Al inicio del Foro se ha publicado una encuesta de directores ejecutivos (CEO) realizada por la consultora PwC, que muestra un estado de ánimo pesimista sobre la perspectiva global inmediata y las perspectivas de supervivencia a largo plazo.

El 12% de los directores ejecutivos a nivel mundial consideran que, en una década, sus negocios no existirán debido a la falta de talento y al cambio tecnológico. Los más molestos en ambos temas (talento y tecnología) son los británicos. Brexit es Brexit.

En otra investigación, dos tercios de un grupo de 22 economistas jefes del sector público y privado, encuestados por el Foro Económico Mundial, declaran que es probable que haya una recesión global en 2023 y casi uno de cada cinco dijo que es muy probable que ocurra. Unos monstruos de la profecía.

Menos mal que estaba Pedro. Aquí nada de crisis, tranquilidad; nos sobrará hidrogenado cambio tecnológico y tendremos mano de obra fantástica, no camareros, huiremos de cualquier recesión, siempre y cuando, naturalmente, no permitamos gobiernos de la extrema derecha.

Una receta simple que, al parecer, ha animado mucho la reunión, ahora que no hay fiesta en Casa Rusia, los liberales aprecian mucho el cariño del jefe de la socialdemocracia mundial. También, al parecer, hemos puesto una bárbara barbaridad de pasta para Ucrania. La señora Zelenska lo que quiere es tanques, lo de las ambulancias de Pedro no le llenan.

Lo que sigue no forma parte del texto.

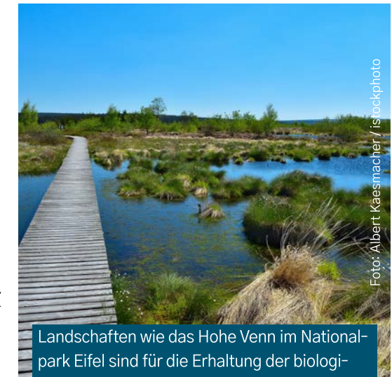
Landschaften wie das Hohe Venn im Nationalpark Eifel sind für die Erhaltung der biologischen Vielfalt von großer Bedeutung.

Neben Faktoren wie Nährstoff- und Schadstoffbelastungen, unter anderem durch eine intensive land- und forstwirtschaftliche Nutzung, sowie die Vernichtung und Überformung von Lebensräumen spielt auch die Zerschneidung von diesen Lebensräumen, zum Beispiel durch Straßen und Schienen-

Si ustedes se preguntan qué pinta nuestro Falcon en la Montaña Mágica no encontrarán respuesta. Nadie lo sabe, excepto la presidenta de la Comisión que conoce las aspiraciones del muchacho.

La reunión ha dejado de ser relevante. Se ha vuelto ridícula. Los ejecutivos que vuelan a Suiza en aviones privados, y luego se comprometen a plantar millones de árboles como compensación de carbono plantarán menos matas este año.

Más de la mitad de ellos espera que la inflación sea alta en Europa este año, mientras que hubo unanimidad en que el crecimiento europeo será débil en 2023. Más del 90% de los principales economistas predijeron que el crecimiento económico en EE.UU. sería débil.

O sea, los capitales de los ejecutivos y de sus jefes valdrán menos. Que se vengan a España, dice Pedro. Les dejamos que sean ricos y en lugar de la inflación se lo rebajamos en impuestos. Por cierto, no sé si no les parece raro ir a Suiza en Falcon a verse con Botín y las eléctricas en lugar de verse en Madrid.

En una era de crisis global, Davos ya no cumple ningún propósito y, en cambio, actúa como un recordatorio de lo mal equipada que está la ortodoxia capitalista para descubrir un futuro mejor. 100 multimillonarios sin liderazgo ni planes es una imagen deprimente del capitalismo más ortodoxo.

Davos tiene un punto ciego: la incapacidad de inventar futuros. Los emprendedores están en otra parte.